MIT — see [LICENSE](LICENSE).

---

## Ecosystem


- [tokio-prompt-orchestrator]https://github.com/Mattbusel/tokio-prompt-orchestrator — the orchestration layer that uses Every-Other-Token telemetry to drive HelixRouter adaptation
- [LLM-Hallucination-Detection-Script]https://github.com/Mattbusel/LLM-Hallucination-Detection-Script — companion tool for output-level reliability analysis
- [Token-Visualizer]https://github.com/Mattbusel/Token-Visualizer — interactive tokenizer and prompt-engineering visualization tool

---

## Troubleshooting


**"Missing API key"** — Set the `OPENAI_API_KEY` or `ANTHROPIC_API_KEY` environment variable before running. Use `export OPENAI_API_KEY=sk-...` (Linux/macOS) or `set OPENAI_API_KEY=sk-...` (Windows).

**"Model not found"** — Check the model name spelling; valid examples are `gpt-4o`, `gpt-3.5-turbo`, `claude-sonnet-4-6`. Use `--dry-run` to test transform logic without making any API call.

**"Rate limited (429)"** — The built-in circuit breaker will retry automatically after a backoff. If the circuit opens (5 consecutive failures), it stays open for 30 seconds then resets. Wait 30 s and retry, or reduce request frequency.

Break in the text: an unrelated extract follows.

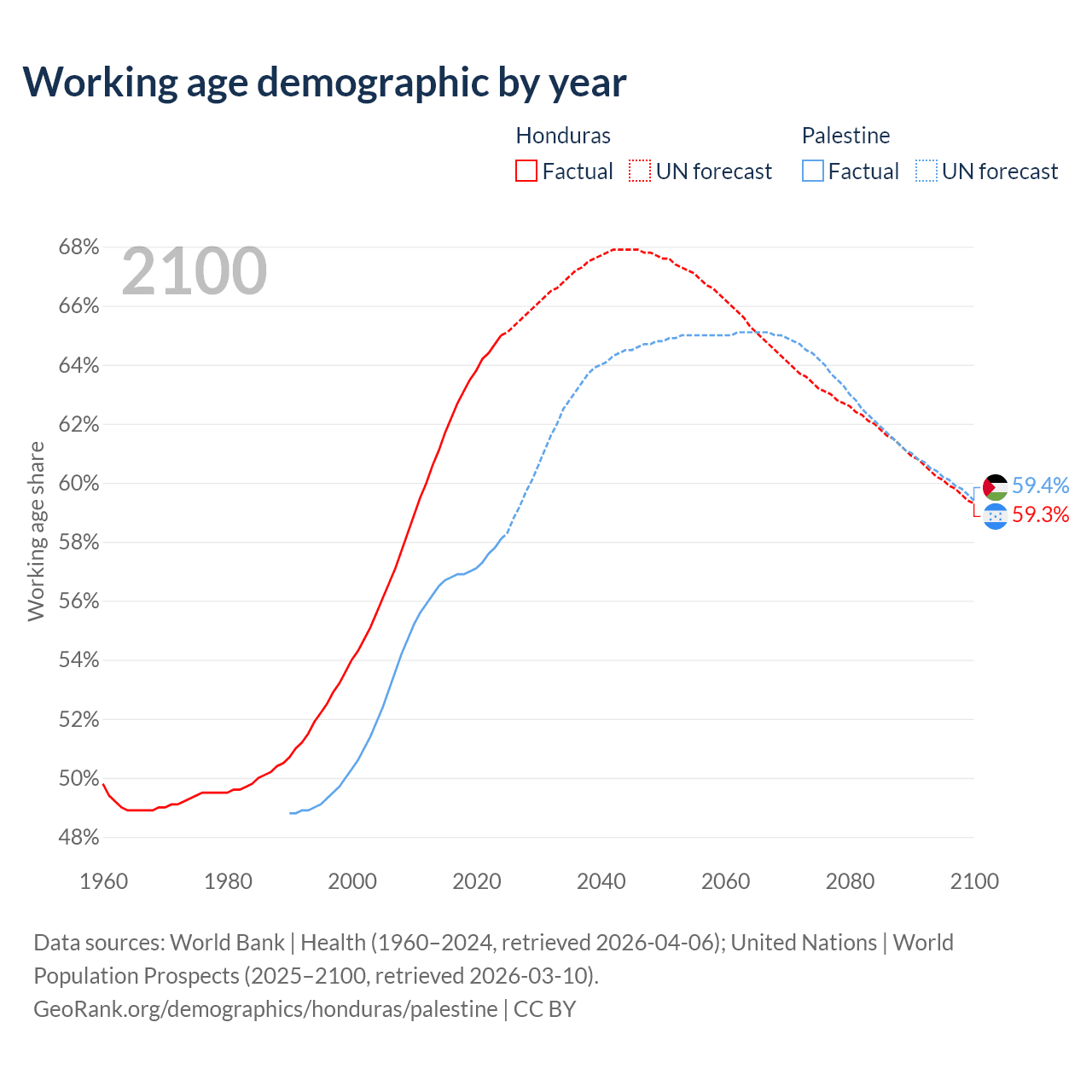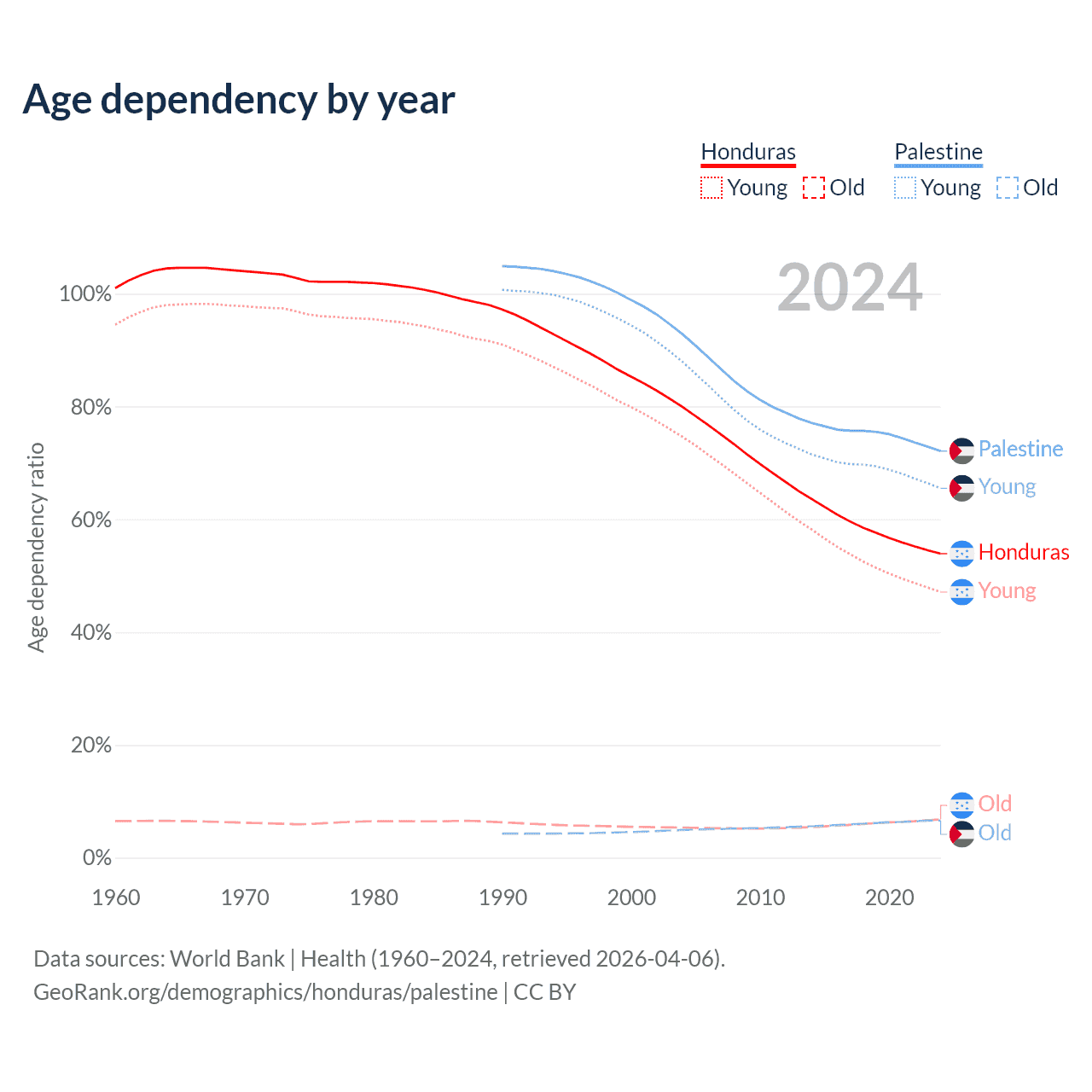 - The share of old-age demographic (65+) in Honduras is 4.42% vs 3.84% in Palestine.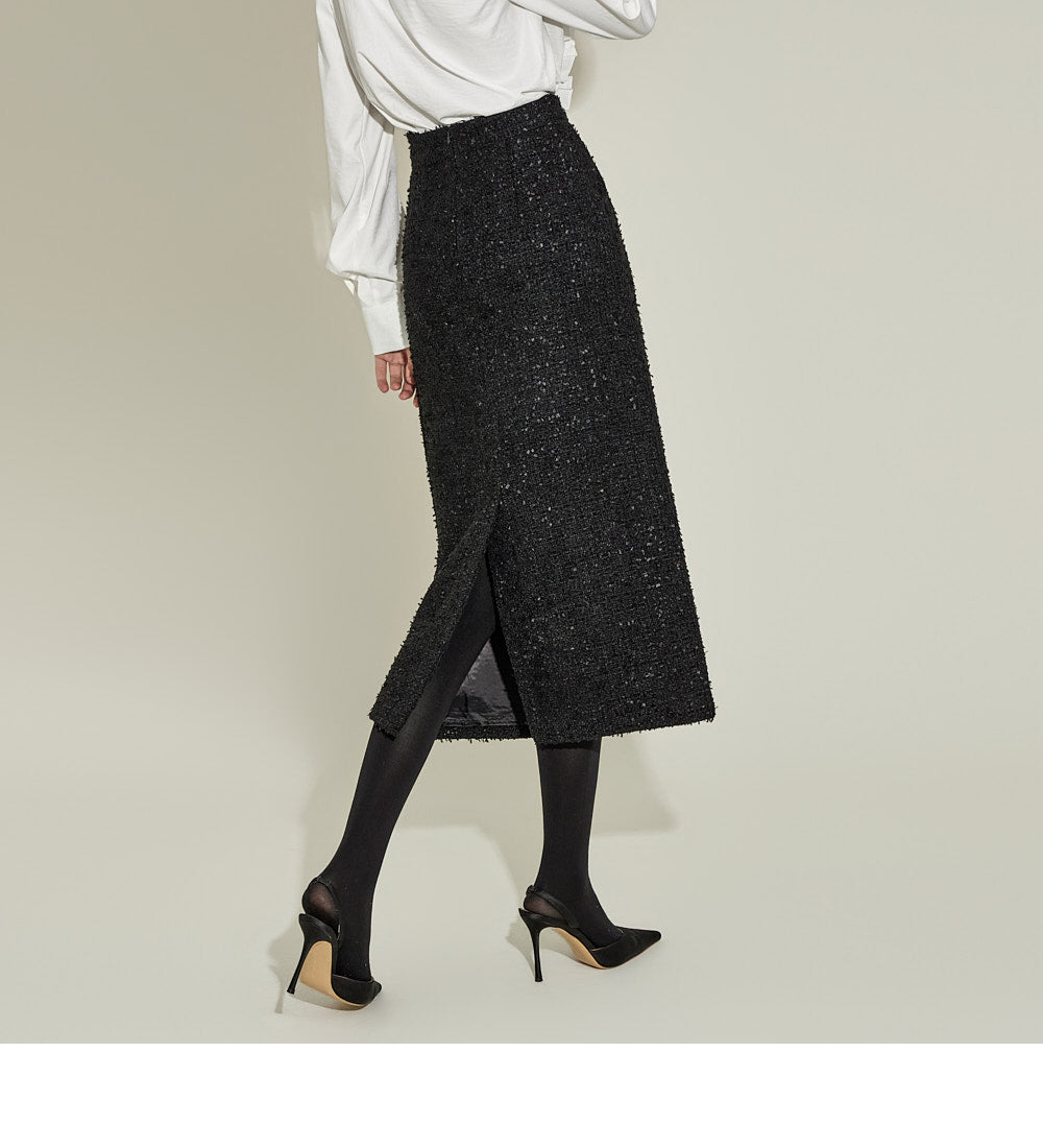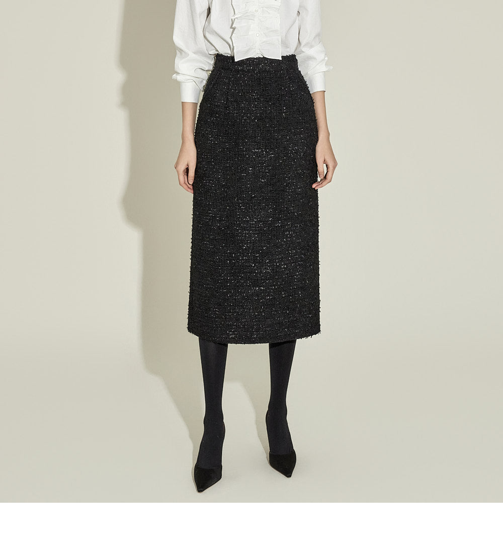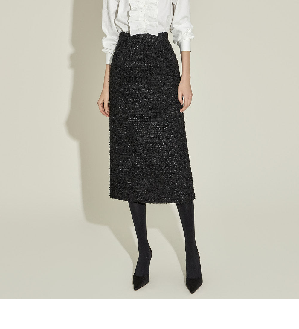 The skirt, with its midi length and H-line fit, creates a refined silhouette.

**"Stream times out"** — Try a shorter prompt or a faster model. Increase the timeout with `--timeout 300` (seconds) if the model is legitimately slow. Default timeout is 120 s.

**"Web UI blank"** — Open the browser developer console (F12) and check for errors. Common causes: `--provider` does not match the API key that is set, the server is not running on the expected port, or a browser extension is blocking the SSE connection.

**"Port already in use"** — Use `--port 9000` (or any free port) to pick a different port. Find the occupying process with `lsof -i :<port>` (Linux/macOS) or `netstat -ano | findstr :<port>` (Windows).